About this task:
The listing is to be printed word for word, pictures omitted.

Data:

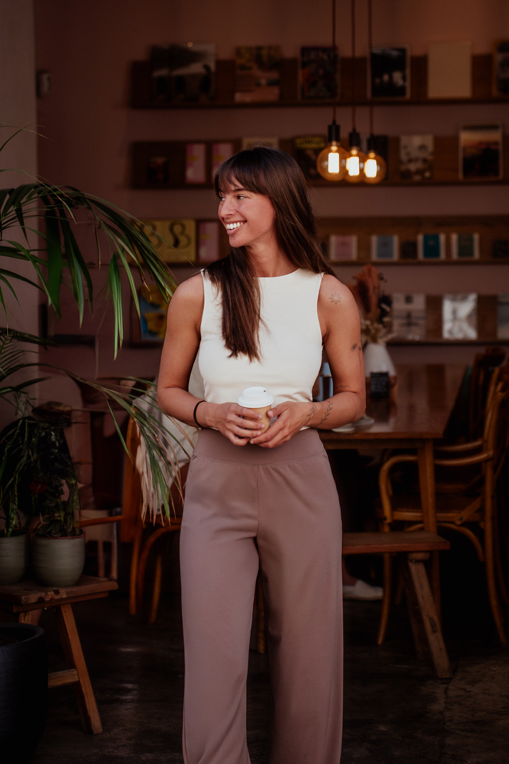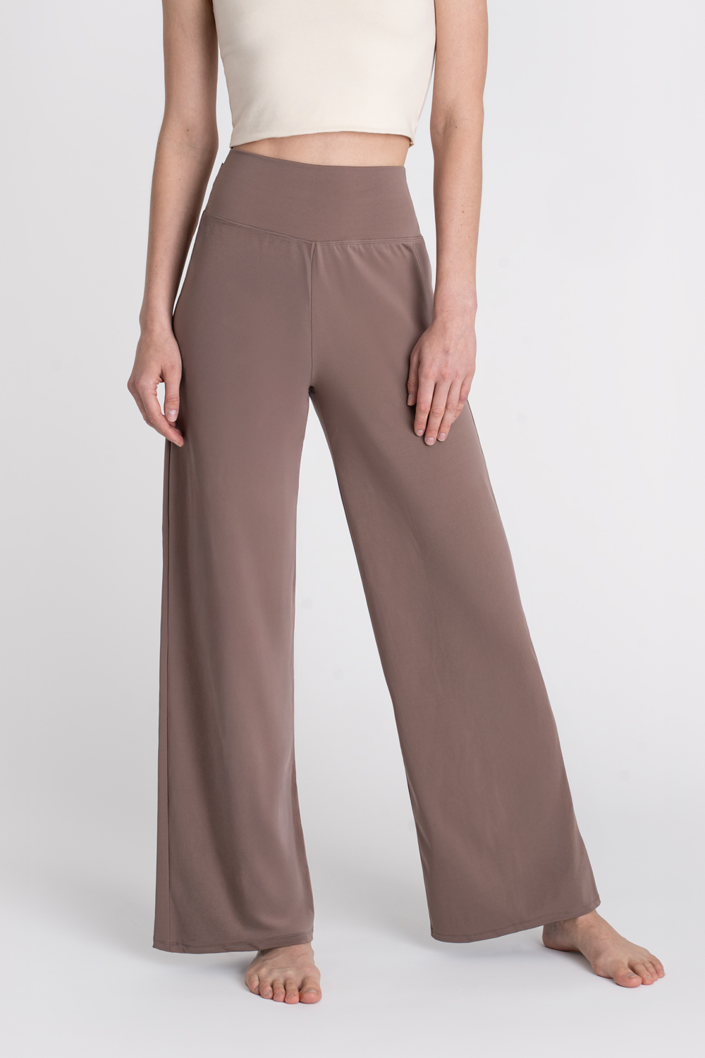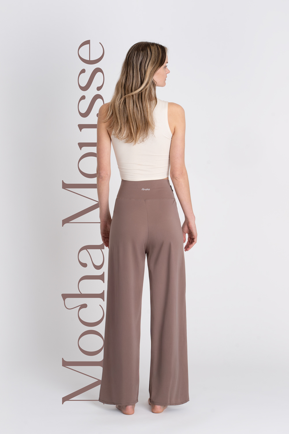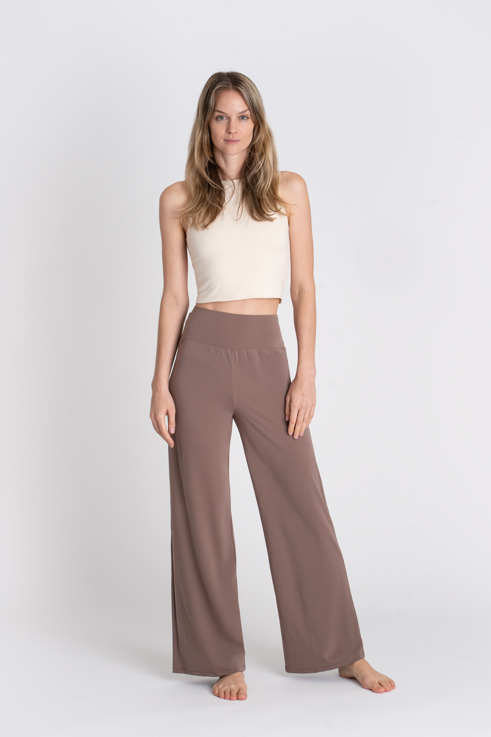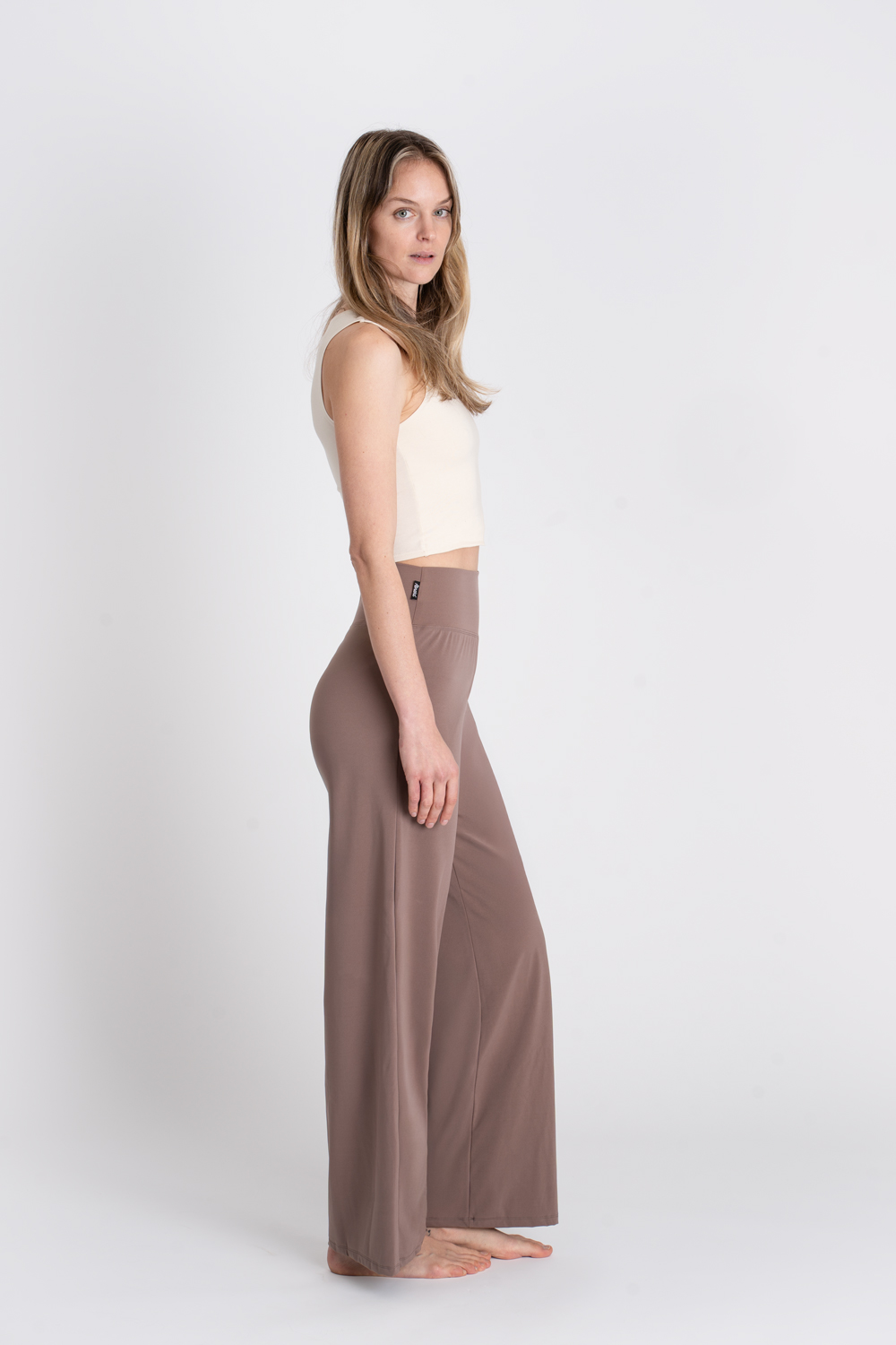 Abraka® funkčné pohodlné nohavice Wide Mamba majú univerzálny padnúci strih v športovo elegantnom štýle. Obľúbený vysoký pás bez gumičky pohodlne sedí na páse a je ako stvorený aj ku cropnutým vrchným dielom. Nohavice krásne skombinujete do elegantného voľnočasového, ale i športového outfitu.
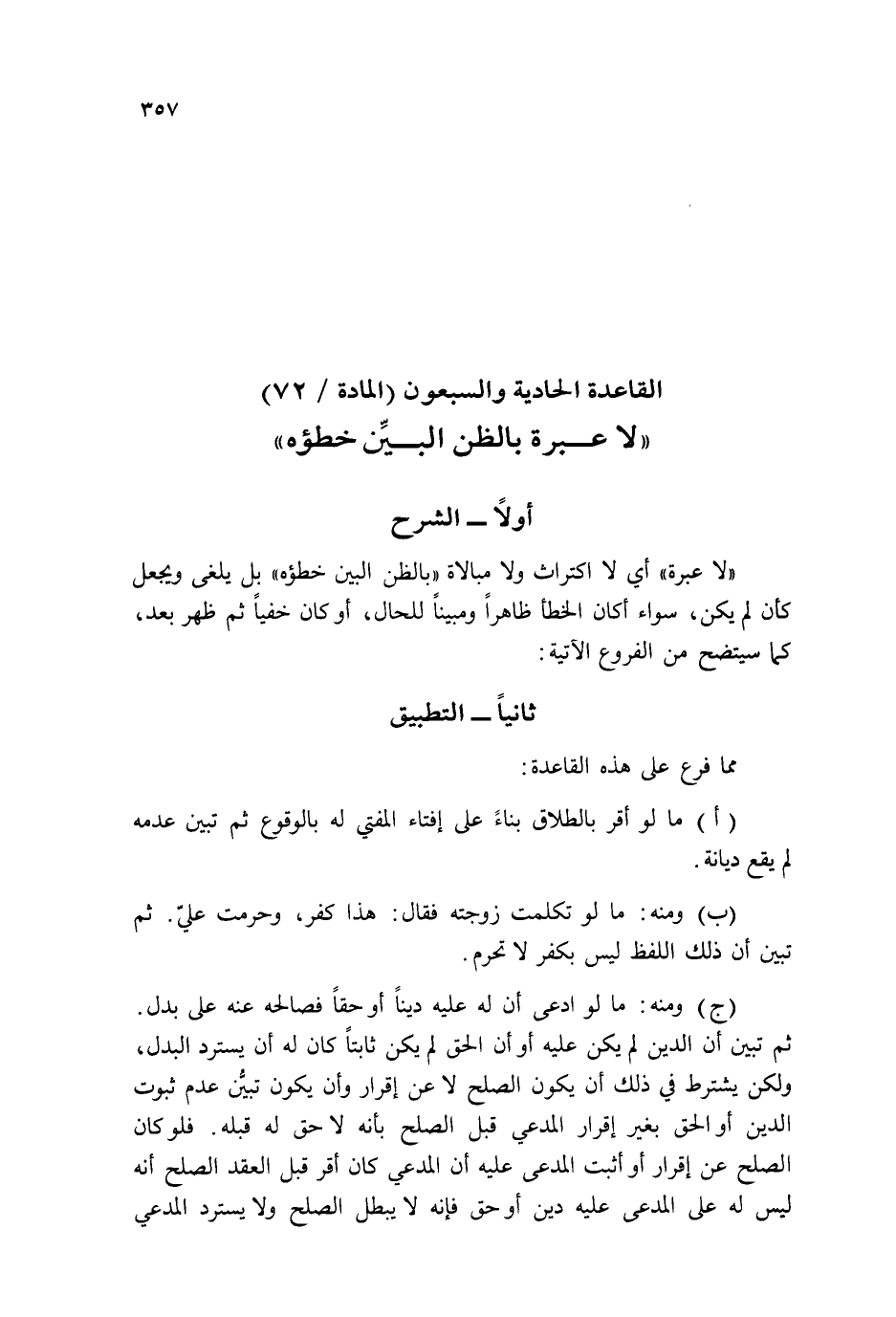 (الْقَاعِدَة الْحَادِيَة وَالسَّبْعُونَ (الْمَادَّة / ٧٢))
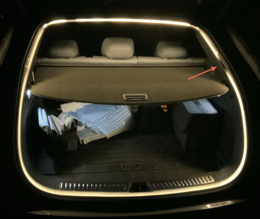 Bande LED étanche pour coffre BYD Seal, Sealion 6/Seal U, Atto 3, Tang, Han. Allumage automatique à l'ouverture du coffre. Extinction automatique à la fermeture du coffre.
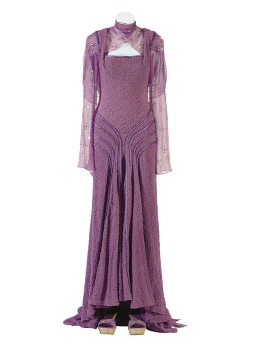 Description: A full-length lavender gown, with lavender chiffon sleeves and neck, with matching chiffon veil; accompanied by a pair of lavender shoes; with corresponding wardrobe tag; a prop book, the red leather binding containing a collection of work by Edgar Allen Poe, stamped on the front in gilt <I>The Teachings Of Surak, Complete And Unabridged, translated from the Vulcan by Skon of Shikahr</I>, with two bound-in prop title pages; and a prop letter in Vulcan script from T'Pol's fiancé -- made for Jolene Blalock as T'Pol in her wedding scene in "Home" in <I>Star Trek: Enterprise</I> (6)

Task solution:
 Abraka® funkčné pohodlné nohavice Wide Mamba majú univerzálny padnúci strih v športovo elegantnom štýle. Obľúbený vysoký pás bez gumičky pohodlne sedí na páse a je ako stvorený aj ku cropnutým vrchným dielom. Nohavice krásne skombinujete do elegantného voľnočasového, ale i športového outfitu.
 (الْقَاعِدَة الْحَادِيَة وَالسَّبْعُونَ (الْمَادَّة / ٧٢))
 Bande LED étanche pour coffre BYD Seal, Sealion 6/Seal U, Atto 3, Tang, Han. Allumage automatique à l'ouverture du coffre. Extinction automatique à la fermeture du coffre.
 Description: A full-length lavender gown, with lavender chiffon sleeves and neck, with matching chiffon veil; accompanied by a pair of lavender shoes; with corresponding wardrobe tag; a prop book, the red leather binding containing a collection of work by Edgar Allen Poe, stamped on the front in gilt <I>The Teachings Of Surak, Complete And Unabridged, translated from the Vulcan by Skon of Shikahr</I>, with two bound-in prop title pages; and a prop letter in Vulcan script from T'Pol's fiancé -- made for Jolene Blalock as T'Pol in her wedding scene in "Home" in <I>Star Trek: Enterprise</I> (6)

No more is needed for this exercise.